The core question is: Why do models learn to predict the marginal $P(A|B)$ first, stalling at a specific loss plateau, before suddenly "snapping" to the conditional solution $P(A|B, z)$ ? The authors aim to characterize the dynamics of this plateau, the factors determining its duration, and the internal mechanisms driving the transition.

2. Methodology

The Task: Surjective Map with $K$ -fold Ambiguity

The authors constructed a minimal, controlled task ("wind tunnel") to isolate conditional learning:

Inputs: A base string $B$ (6 characters) and a selector token $z$ (2 characters).
Targets: A target string $A$ (4 characters).
Mapping: There are $n_b$ base strings. Each $B$ maps to $K$ distinct targets $A$ . The selector $z$ indexes into these $K$ targets, making the mapping $(B, z) \to A$ one-to-one.
Information Theory:
- Marginal Entropy: $H(A|B) = \log K$ (uncertainty without $z$ ).
- Conditional Entropy: $H(A|B, z) = 0$ (perfect prediction with $z$ ).
Model Behavior: A model ignoring $z$ converges to a loss of $\log K$ (uniform distribution over candidates). A model utilizing $z$ achieves zero loss.

Experimental Setup

Architecture: 4-layer Transformer ( $d=128$ , 4 heads, $\sim600K$ parameters) trained with AdamW.
Metrics:
- Loss: Cross-entropy loss.
- $\Delta_z$ (z-shuffle gap): The difference in loss between using original $z$ tokens and shuffled $z$ tokens within a batch. $\Delta_z = 0$ indicates the model ignores $z$ ; $\Delta_z > 0$ indicates $z$ is being used.
- Waiting Time ( $\tau$ ): The step count where loss drops below 50% of the plateau height ( $\log K$ ).
Variables: Systematic sweeps over dataset size ( $D$ ), ambiguity ( $K$ ), batch size ( $B$ ), learning rate ( $\eta$ ), and label noise.

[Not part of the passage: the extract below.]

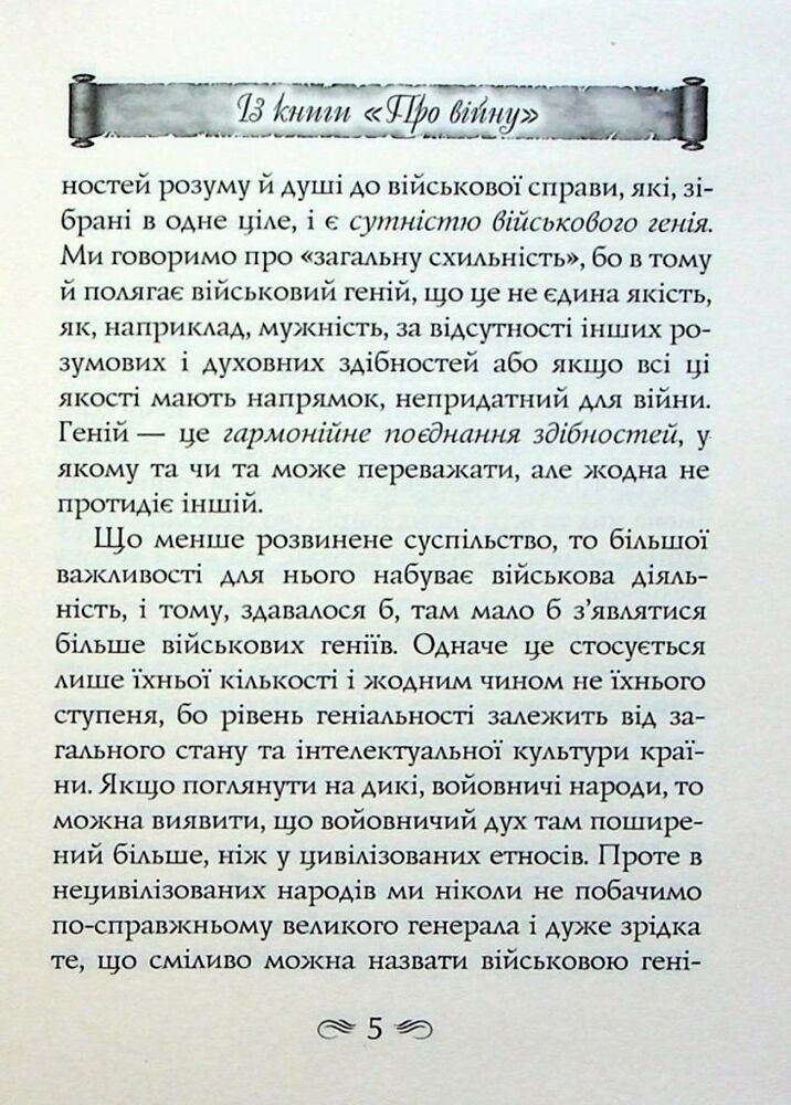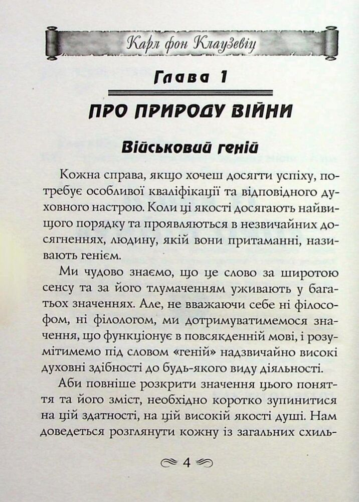 В этой книге автор подробно рассматривает природу войны, отмечая решающую роль военного гения в результате битвы. Четко излагая важность планирования войны, взаимосвязь войны и политики, стратегию и тактику ведения войны, в частности организацию боя, виды и способы наступления и обороны, Клаузевиц определяет и раскрывает базовые принципы ведения войны, что придает его книге характер прекрасного справочного пособия.

3. Key Contributions & Results

A. The Two-Stage Learning Dynamic

Every run with $K > 1$ exhibits two distinct regimes:

Marginal Plateau: The model quickly converges to a loss of exactly $\log K$ (within a few hundred steps). During this phase, $\Delta_z \approx 0$ , meaning the model ignores the selector token and predicts a uniform distribution over the $K$ candidates.
Sharp Transition: After a waiting period, the loss drops sharply to near zero, and $\Delta_z$ becomes positive, indicating the model has learned to route based on $z$ .

B. Determinants of Plateau Duration

The most significant finding is that the duration of the plateau ( $\tau$ ) depends on the dataset size ( $D$ ), not the ambiguity ( $K$ ).

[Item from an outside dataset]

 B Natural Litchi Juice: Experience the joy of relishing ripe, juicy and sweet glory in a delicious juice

Control Experiment: When $D$ is held constant (by adjusting $n_b = D/K$ ) while varying $K$ , $\tau$ remains flat.
Scaling Law: When $D$ varies, $\tau$ scales super-linearly: $\tau \propto D^{1.19}$ .
Implication: The model must learn to route $z$ across all $D$ examples. The complexity of the ambiguity ( $K$ ) does not independently slow down learning; only the total volume of data to be processed matters.

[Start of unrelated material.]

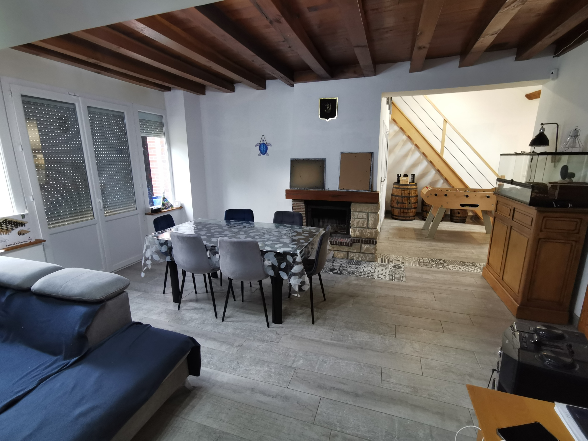 ...Description du bien :Rez-de-chaussée : entrée sur un salon-séjour avec cuisine ouverte et...

C. Collective Transition (The "Snap")

The transition is collective, not incremental.

At $\tau/2$ , 0% of sampled groups have achieved high accuracy.
At $\tau$ , nearly 100% of groups transition simultaneously within a narrow window (approx. $0.5\tau$).
This suggests a shared internal circuit forms and becomes operational for all groups at once, rather than groups learning individually over time.

D. Entropic Stabilization

The plateau is not a local minimum but a metastable saddle point stabilized by gradient noise.

Gradient Noise Effect: Increasing noise (via smaller batch sizes or higher learning rates) delays the transition.
- Higher $\eta$ : $3.6\times$ slower transition (at fixed throughput).
- Smaller Batch Size: $1.8\times$ slower transition (at fixed throughput).
Mechanism: The marginal solution sits at a saddle with extreme anisotropy ( $\lambda_{max} \approx 2.8$ , $\lambda_{min} \approx -0.005$ ). The escape direction is $\sim500\times$ shallower than the dominant curvature. Gradient noise tends to project onto the high-curvature (non-escape) directions, acting as an "entropic force" that pushes the model back into the marginal solution, stabilizing it.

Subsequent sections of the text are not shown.